Should creative writing be taught? - robg
http://www.newyorker.com/arts/critics/atlarge/2009/06/08/090608crat_atlarge_menand?currentPage=all
======
tricky
I thought this was nice and relevant to us hackers:

"I don’t think the workshops taught me too much about craft, but they did
teach me about the importance of making things, not just reading things. You
care about things that you make, and that makes it easier to care about things
that other people make. "

------
dangrover
I think what's important is having an instructor who is actually a
practitioner. If you take a writing class with a mediocre instructor, or if
such a class is required, then people just worry about grades and how to turn
that B+ into an A by cracking the professor's prejudices/tastes.

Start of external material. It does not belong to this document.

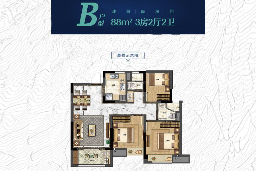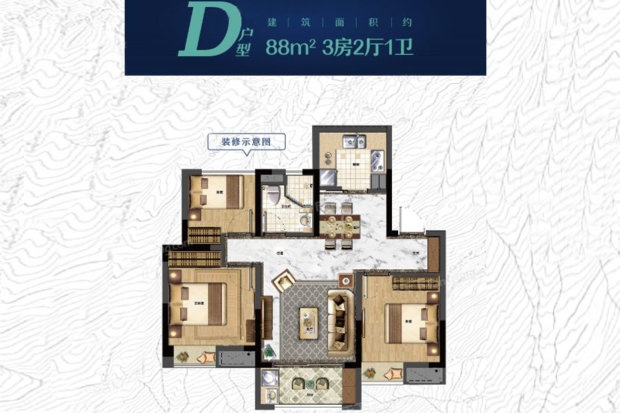 各个空间户型方正,后期空间利用率高;全明户型,各部分空间均有窗,可保证整体空间采光和通风,居住舒适度好;厨房门朝向客厅,能加装门即可规避油烟对客厅的影响;卧室厨卫等各个功能区的面积大小都比较合理,居住体验便利,整体舒适度高;

There's an attribute of people that the best term I can come up for is the
"give-a-shit gene." It's the tendency to care too much about the intrinsic
quality of the work you produce, rather than its reception or where it fits
in. Like implementing great code for an employer you hate on a project that's
going to fail, or putting in all the effort on a group project in school while
others slack off just because you want to have produced something good.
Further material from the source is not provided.